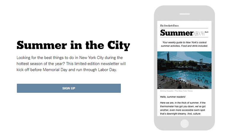 Con Summer in the City, The New York Times se dirige a los suscriptores no para recordarles una mera agenda de actos, sino que cada newsletter se centra en un barrio de Nueva York y propone un plan para una tarde o una noche bien aprovechada en ese barrio, ayudando a neoyorquinos y turistas a descubrir los rincones de la ciudad, ligados a propuestas de ocio.
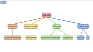 El documento aborda el concepto de ciudadanía digital, que implica el acceso y uso crítico de tecnologías de la información y la comunicación para ejercer derechos y responsabilidades en el entorno digital. Se enfatiza la importancia de la educación en habilidades digitales en instituciones académicas para preparar a los estudiantes como prosumidores seguros y responsables. Además, se presentan diversas temáticas y desafíos que los docentes deben enfrentar en la enseñanza de la ciudadanía digital.
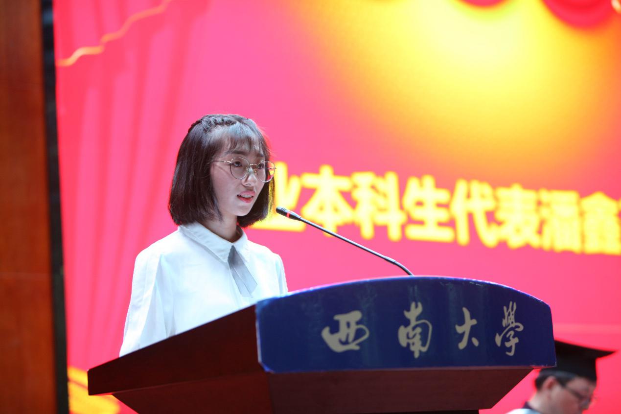 毕业研究生代表吴越同学和毕业本科生代表潘鑫玉同学先后发言,她们回忆了在校的点点滴滴,表达了对母校、老师和同学们的不舍,并向学院老师致以最真挚的感谢,祝愿学院蒸蒸日上,再创辉煌。在校学生代表万芮含同学也代表所有的学弟学妹们向朝夕与共的学长学姐们表示感谢和给予最美好的祝愿。教师代表杨晓明表达了对毕业生衷心的祝福,他告诫大家,“好日子都是从苦日子里熬出来的,如果你看不到好日子,说明熬得还不够,坚持住了成功就在前面等你”,他希望同学们在未来的征途上继续努力奋斗、拼搏进取,为国家做出自己应有的贡献,为母校增光添彩。
==================================================
_Exercise description:_ Beginning with the line that bears "El documento aborda", output each line through the last line of the listing exactly, and no others; skip the pictures.

_Written reply:_
 El documento aborda el concepto de ciudadanía digital, que implica el acceso y uso crítico de tecnologías de la información y la comunicación para ejercer derechos y responsabilidades en el entorno digital. Se enfatiza la importancia de la educación en habilidades digitales en instituciones académicas para preparar a los estudiantes como prosumidores seguros y responsables. Además, se presentan diversas temáticas y desafíos que los docentes deben enfrentar en la enseñanza de la ciudadanía digital.
 毕业研究生代表吴越同学和毕业本科生代表潘鑫玉同学先后发言,她们回忆了在校的点点滴滴,表达了对母校、老师和同学们的不舍,并向学院老师致以最真挚的感谢,祝愿学院蒸蒸日上,再创辉煌。在校学生代表万芮含同学也代表所有的学弟学妹们向朝夕与共的学长学姐们表示感谢和给予最美好的祝愿。教师代表杨晓明表达了对毕业生衷心的祝福,他告诫大家,“好日子都是从苦日子里熬出来的,如果你看不到好日子,说明熬得还不够,坚持住了成功就在前面等你”,他希望同学们在未来的征途上继续努力奋斗、拼搏进取,为国家做出自己应有的贡献,为母校增光添彩。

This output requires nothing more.